Накормив их ужином (а крёстная, не проронив за столом ни слова, сразу же ушла в куть), Ксения перед сном присела с ребятами и втянулась в беседу.
— Бессознательный у нас тут народ, — досадливо сказал Верещагин: — ничего не признает. Орут, галдят, того и гляди, в драку полезут.
— В прошлом годе, — подхватил чернявый, — наши ребята в Спасском только шпаерами отгрозились, а то насыпали бы им, мое почтенье!
Третий, корявый и молчаливый, засопел носом и обиженно отозвался:
— Дак, ребята шибко мужиков задирали! Хлебом, что прятали, попрекали, то да се, ну и огорчились мужики, раскипели!
— Кулаки шебаршатся!.. От кулаков вся загвоздка…

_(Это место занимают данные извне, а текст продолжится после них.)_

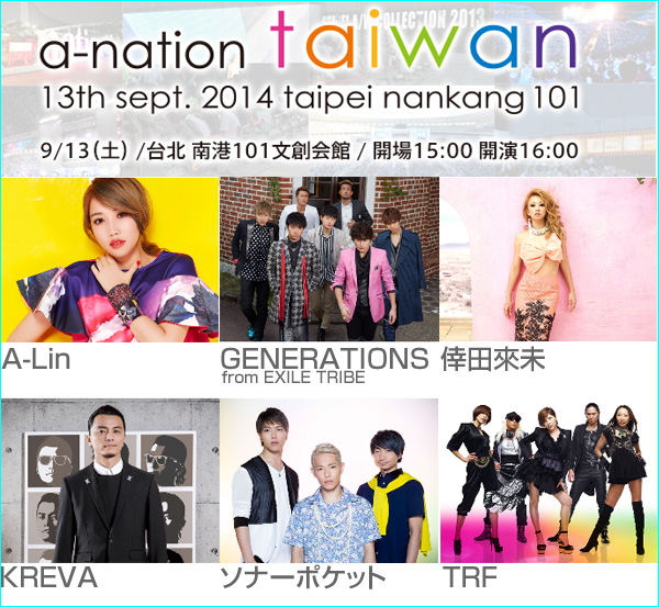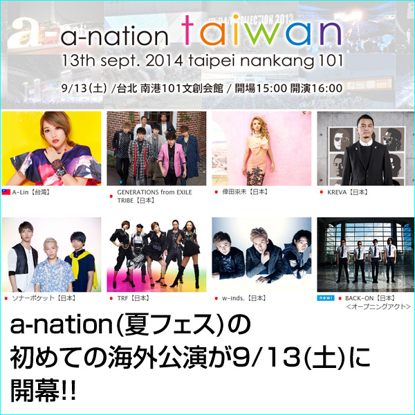 7/28(月):a-nation 2014 taiwan第1弾アーティストのアナウンスがされる!

Ксения прислушалась, пригляделась и снисходительно усмехнулась:
— А на ночевку-то вас, ребята, не пустили кто? совсем не кулаки, самая настоящая наша голь… Стало-быть, не одни кулаки…
— Бессознательность!.. Газет не читают, избов читальных нет!.. Заставить бы по закону, чтоб вникали в положение, легче бы стало.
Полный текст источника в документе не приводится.